Government snooping has become such a problem that Facebook recently released a report that trumpeted the fact that it denied more government requests for user data than Google did. Never mind the fact that Facebook handed over user data 79 percent of the time when the US government was the requesting party. That's still better than Google, which turned over data 88 percent of the time when the US made the request. I guess that's one way to polish a turd, but it's not terribly convincing.
Effect on Cloud Providers
This all may seem like a mere nuisance, but NSA snooping could hurt cloud providers, big time. To meet their own privacy requirements, European companies may end up being prohibited from using US-based cloud services like Amazon and Rackspace for their big data implementations.
These companies are in a bind due to the US Patriot Act because if, say, Amazon gets subpoenaed, Amazon must turn over not just all of that data (data that can provide a very specific competitive advantage to its owner), but Amazon must also turn over the keys to unencrypt that data, as well.
"Big data in the cloud offers massive scalability and high performance, but for it to truly be embraced by the enterprise, big data solutions must also include fundamental security features like encryption and key management," said Larry Warnock, CEO of security vendor Gazzang.
To address this problem, Gazzang released a new product, CloudEncrypt, which provides data encryption and key management at every stage of the Amazon Elastic MapReduce (Amazon EMR) data lifecycle.

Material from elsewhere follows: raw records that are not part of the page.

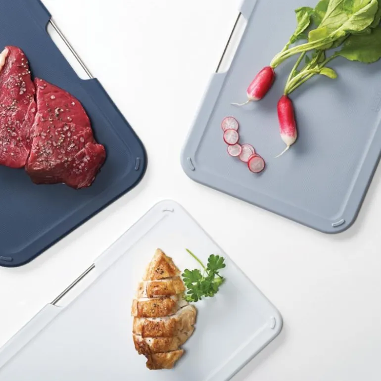 Alle skjærebrettene er utformet med hjørner som forhindrer dem i å skli på benken, og de har knivvennlige kutteflater som beskytter knivene dine samtidig som de gir enkel og presis kutting av ingrediensene dine. Laget av holdbare materialer som PP og ABS plast, sammen med TPR anti-skli i hjørnene, sikrer at brettene er slitesterke og stabile.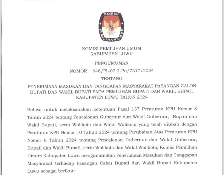 PENGUMUMUMAN PENERIMAAN MASUKAN DAN TANGGAPAN MASYARAKAT PASANGAN CALON BUPATI DAN WAKIL BUPATI PADA PEMILIHAN BUPATI DAN WAKIL BUPATI KABUPATEN LUWU TAHUN 2024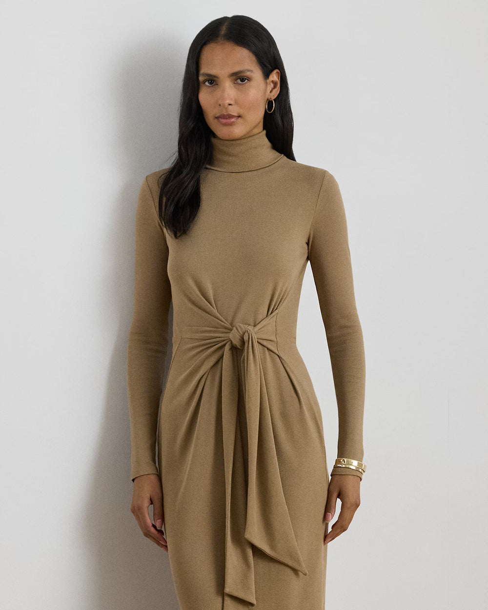 Rib-knit from a soft stretch-cotton blend, this roll neck dress is cut for a slim-fitting silhouette and a calf-grazing midi length. A tie-front design on the waist adds contemporary flare to this refined piece, while slits on the hem afford ease of movement.
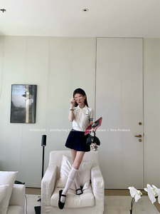 COOLLINE Lin Zixi 酸素系女子高生ガール系ミュウ系ポロセータースーツネイビーブループリーツスカート
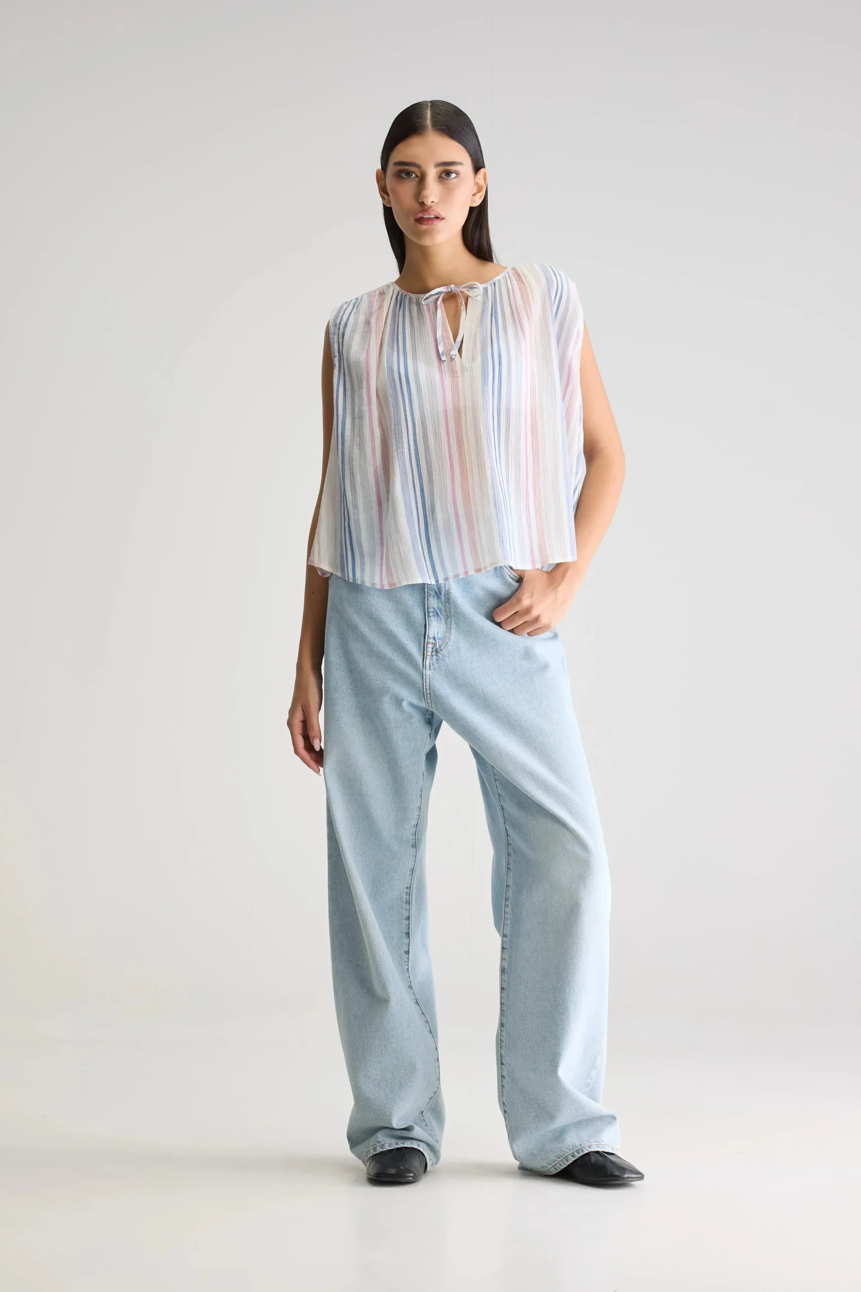 Klassieke, mouwloze gestreepte blouse in zachte pasteltinten, met open V-hals met subtiele strikdetails aan de voorkant….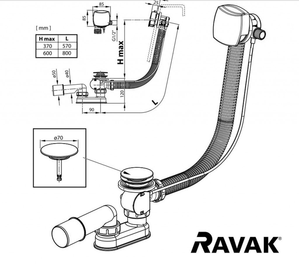 Vaňové odtokové komplety s dĺžkou 800 mm sú vhodné pre vane Formy 01, Formy 02, City / City Slim.
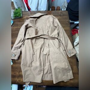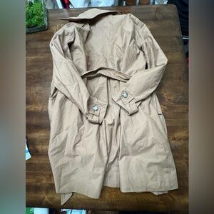 Classic tan trench coat with a sleek double-breasted front. Includes a matching belt for a refined silhouette.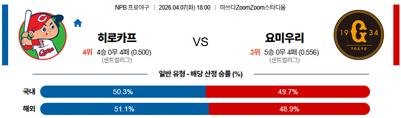 예상 승리팀 : 요미우리 자이언츠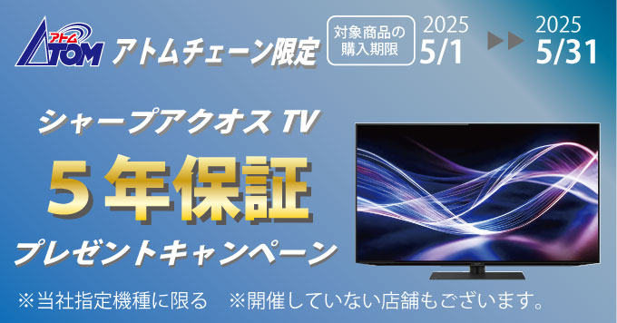 キャンペーン期間中にアトムチェーンで対象のシャープAQUOSをご購入いただくと通常1年の保証に+4年(合計5年)の延長保証をお付けいたします。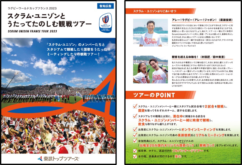 ラグビーワールドカップフランス2023「スクラム・ユニゾンとうたってたのしむ観戦ツアーチケット」の追加販売が決定いたしました!

"Amazon EMR enables businesses, researchers, data analysts and developers to easily and cost-effectively process vast amounts of data, and it’s important to our customers that the data inputs and outputs remain secure," said Terry Wise, Head of Worldwide Partner Ecosystem, Amazon Web Services.
CloudEncrypt allows companies to keep their own keys. So, if Amazon gets subpoenaed, the data the government gets is encrypted, and the customer (not Amazon) retains full ownership of the keys.
Thus, the US government has to take that next step and subpoena the target company. The way things are now, the target company may not even know it was a target. By holding onto the keys, the company can get its lawyers on the case and decide whether or not it should fight the subpoena.